第58回日本小児循環器学会総会・学術集会

講演情報

一般口演

外科治療

一般口演33(III-OR33)
外科治療 Ⅱ

2022年7月23日(土) 10:30 〜 11:20 第6会場 (小ホール)

座長:落合 由恵(JCHO九州病院 心臓血管外科)
座長:芳村 直樹(富山大学 第1外科)

[III-OR33-03] Bidirectional Glenn手術時にadditional flowを残すことでFontanの成績は改善するか?当院のBidirectional GlennおよびFontan手術の中長期成績と危険因子の検討

小林 純子1,2, 川畑 拓也1,2, 黒子 洋介1,2, 小谷 恭弘1,2, 笠原 真悟1,2 (1.岡山大学病院 心臓血管外科, 2.岡山大学学術研究院 医歯薬学域 心臓血管外科学)

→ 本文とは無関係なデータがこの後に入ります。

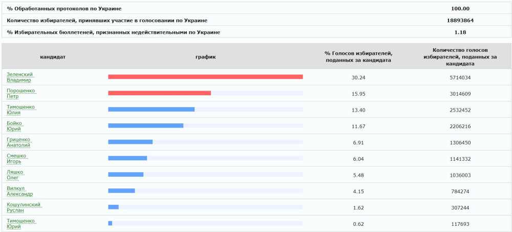 В итоге, по данным ЦИК, Владимир Зеленский набрал 30.24% или свыше 5,7 млн голосов. За Петра Порошенко проголосовали 15.95% или более 3 млн избирателей. Юлия Тимошенко набрала 13.40% или более 2,5 млн голосов, Юрий Бойко - 11,67% или более 2,2 млн.

キーワード:Bidirectional Glenn手術, Additional flow, Fontan手術

背景:Fontan時のより良い肺血管条件のため当院ではBidirectional Glenn(BDG)時に積極的に肺動脈へadditional blood flowを残している。BDGとFontan後の成績をadditional flowの観点から検討した。方法:当院で1993年1月から2015年12月に施行したBDG406例のうち追跡可能な367例を検討した。またFontan到達例の中長期成績を検討した。結果:症例は左室型単心室145例、右室型単心室222例(HLHS 92例、Asplenia 66例)で、BDGは生後11[7-20]カ月、体重6.1[5.1-8.1]kgで行った。Additional flowは198例(54.0%)で残存させ、main PA 119例(32.4%)、RVPA shunt 61例(17.2%)、BT shunt 17例(4.6%)だった。観察期間中に311例(84.7%)がFontan到達し、Fontan前死亡26例、BDG takedown6例だった。多変量解析によるFontan前死亡の危険因子としてBDG時の高肺血管抵抗(p=0.048)と房室弁逆流(p=0.029)が示唆された。次にadditional flowあり群となし群の比較を行った。あり群でBDG前Qp/Qsが有意に低かったが(p=0.009)、肺動脈圧、肺血管抵抗、PA index、心室駆出率、房室弁逆流に有意差なく、Fontan到達と到達前死亡も両群で有意差を認めなかった。さらに2015年12月までにFontan到達し追跡不能や細胞治療例を除外した236例を検討した。Additional flowあり(P)群(n=128)はなし(N)群(n=108)に比較しFontan前PA index(P: 261[204-352] vs. N: 224[194-269]mm2/m2, p<0.001)とQp/Qs(p=0.011)が有意に高く、肺血管抵抗(P: 1.43[1.03-1.92] vs. N: 1.74[1.41-2.22]Wood単位, p<0.001)と肺動脈圧(p=0.003)が有意に低く、房室弁逆流は差がなかった。P群はFontan術後ICU滞在日数が有意に短く(p=0.043)、肺動脈再介入が比較的少なかった(p=0.073)。結語:当院の検討では、BDG時にadditional flowを残すことで死亡率や房室弁逆流の増悪なくFontan時の肺血管条件の改善、Fontan術後ICU滞在日数の短縮、肺動脈再介入の減少ができる可能性が示唆された。